====== Material provided ======

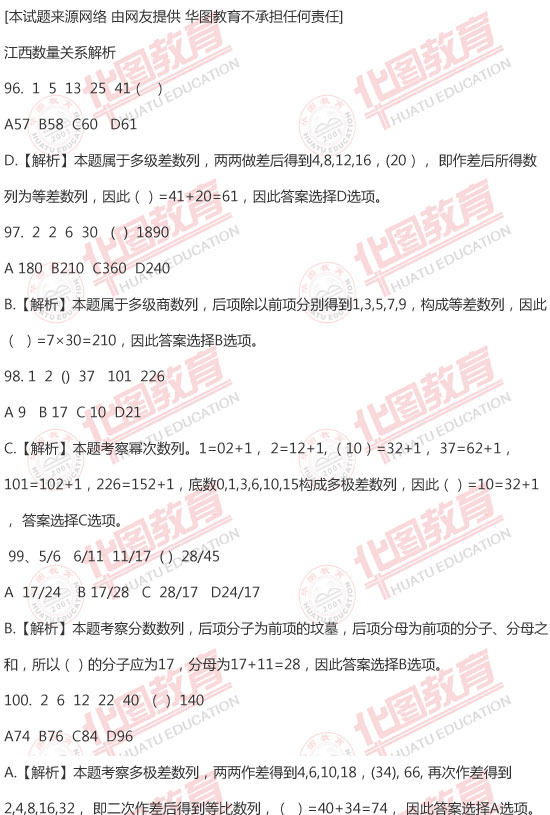 2012年421联考江西省公务员联考数量关系真题解析
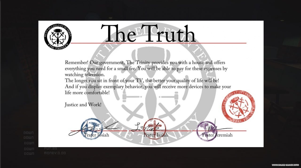 Сюжет подается исключительно через текстовые материалы, представленные в игре. В зависимости от ваших действий, заготовлено 8 различных финалов. Внимательно исследуйте каждую деталь, которую можете обнаружить у себя в квартире. Именно на взаимодействии с ними выстраивается основная цепочка повествования, приводящая к определенному финалу истории. Какой будет ваш? Это и предстоит выяснить.
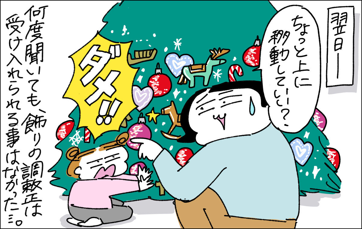 働くママなら誰もが一度は経験したことのある、思わず「わかる~!」と叫びたくなるようなエピソード= 「#ワーママあるある」。自身も2児の母であるイラストレーター・カミナカ ケロヨンさんがリアルなエピソードを4コマ漫画にしてお届け! ホリデーシーズンを前に、クリスマスツリーの飾り付けを子供達に任せたら…というお話
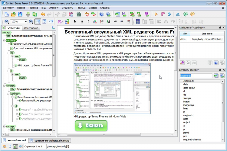 Syntext Serna Free Это мощный и простой в использовании редактор для создания самых разных документов - технической документации, руководств пользователя, статей, книг и многих других.

======

§ Task to carry out
Restate word for word the lines above that start at the line containing "Сюжет подается исключительно" and run to the end of the listing; exclude the pictures.

§ Exercise result
 Сюжет подается исключительно через текстовые материалы, представленные в игре. В зависимости от ваших действий, заготовлено 8 различных финалов. Внимательно исследуйте каждую деталь, которую можете обнаружить у себя в квартире. Именно на взаимодействии с ними выстраивается основная цепочка повествования, приводящая к определенному финалу истории. Какой будет ваш? Это и предстоит выяснить.
 働くママなら誰もが一度は経験したことのある、思わず「わかる~!」と叫びたくなるようなエピソード= 「#ワーママあるある」。自身も2児の母であるイラストレーター・カミナカ ケロヨンさんがリアルなエピソードを4コマ漫画にしてお届け! ホリデーシーズンを前に、クリスマスツリーの飾り付けを子供達に任せたら…というお話
 Syntext Serna Free Это мощный и простой в использовании редактор для создания самых разных документов - технической документации, руководств пользователя, статей, книг и многих других.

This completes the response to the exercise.